Pondicherry – Not So French

We arrive on a Friday late afternoon and the first impressions of Pondicherry, on southeast coast of India , are not so good. The sea promenade is awash with masses of people. The narrow streets are hectic with bikers and cars, with blaring horns. Its impossible to look at the buildings and shops etc as the pavements, where they exist, are not walkable and you have to dodge the speeding traffic in the street.

Pondicherry has a colorful history with Roman, Dutch, British and more so French influences, after all the French were the occupiers  in four periods from the 1660s. Many locals  say they can trace their origins back to the French era. Sightseeing consists of the colonial properties, a couple of Catholic Churches; but, some find time to also visit the statue of Gandhi, the largest in Asia, the 19th century light house and the First World War monument. For the more energetic, there are lots of beach and sea activities, not for my passive group of companions however.

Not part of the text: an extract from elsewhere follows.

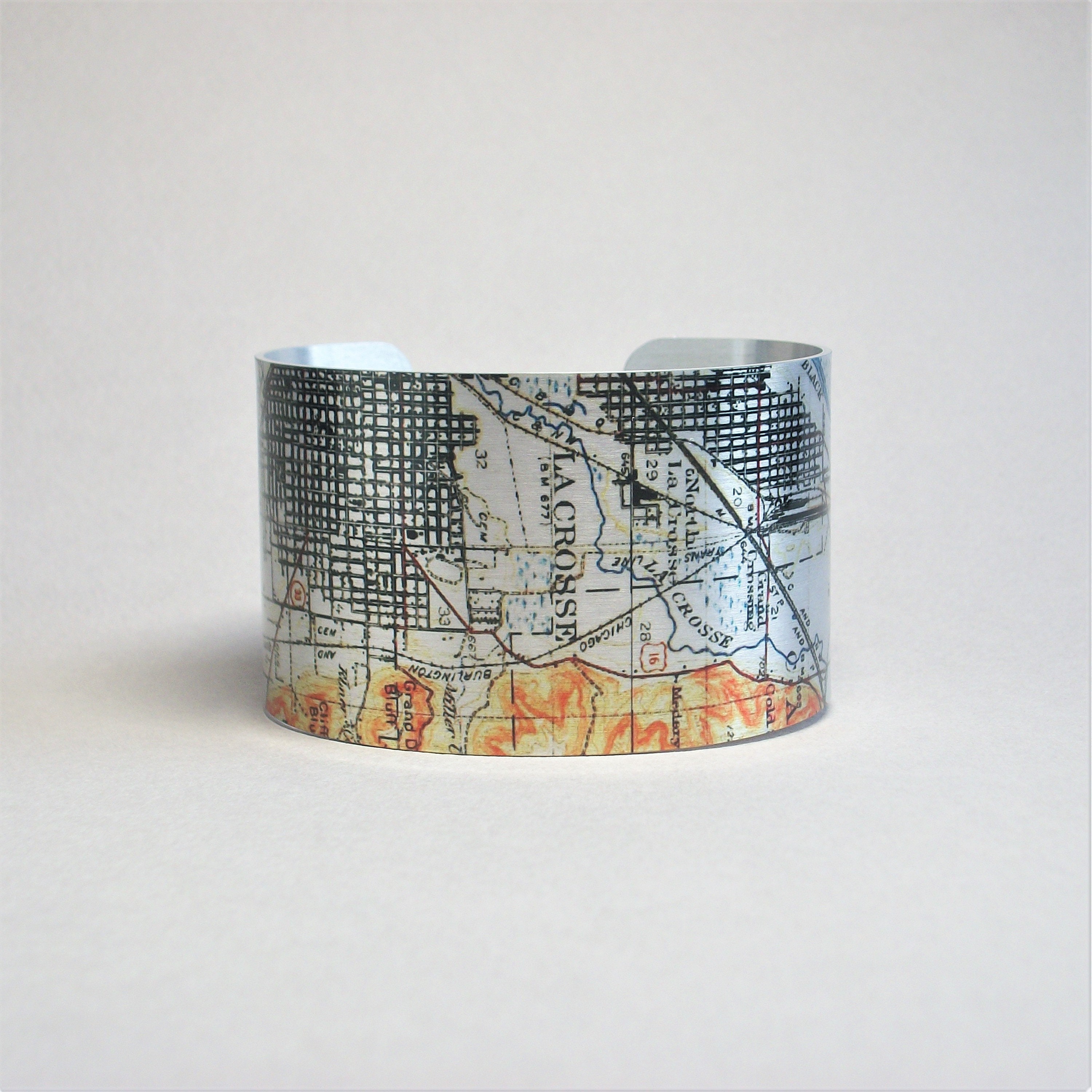 La Crosse Wisconsin Cuff Bracelet Unique Hometown City Map Etsy

The next day, for a contrast, we set off to Auroville some 12 kilometers away. Again we find ourselves with the masses but the welcome center provides us with a good understanding of this experimental universal community focused on peace, progressive harmony to realize human unity. Started in the 1960s as a non religious community who believed they would reach over 50,000 people from around the world by the turn of the century. Actually today it has a community of approx 2,500 people, excluding those Indians employed from the local villages and short term visitors from abroad. Most of the the off spring of the original settlers have returned to their mother countries. We snap photos of the Matrimandir a large meditation globe, enjoy the walk in the gardens and head back to the town. We stop off at the much talked of “Bread and Chocolate cafe”, absolutely packed, but absolutely worth waiting for, a very healthy light lunch. Nice to see the eccentric aging Europe women and the new breed of smart well dressed Indian middle class youngsters.

Our Hotel Shanti is well located and is regarded as having one of the best restaurants  in town with French and Indian chefs. The town is blessed  with restaurants and eating out becomes one of the pleasures of the week end as well as the compulsory shopping with the wife’s.

The Whinging Pome Random Rule No. 33

The city is split into two sections, white town, the original Europeans settlement, which now only consists of 20% of the town. The other 80% being very much like most inhabited places in India, over populated, run down and some what filthy.

Twenty years earlier I met the founder of Hidesign, India’s upper end leather brand and we opened a shop together in Cochin airport. It was nice to meet Dilip all these years later and see how his business has flourished and has created some great leisure venues, including Court Yard Le Duplex and Promenade.

I tick the the bucket list next to “Pondicherry” great food, fun place, chaotic streets still in the middle of gentrification and trying to return to its Colonial elegance. If its good enough to film parts of the “life of PI” there its worth a visit. However take away the French street names out of The White Town and it could be Colonial Dutch, English or Portugeese.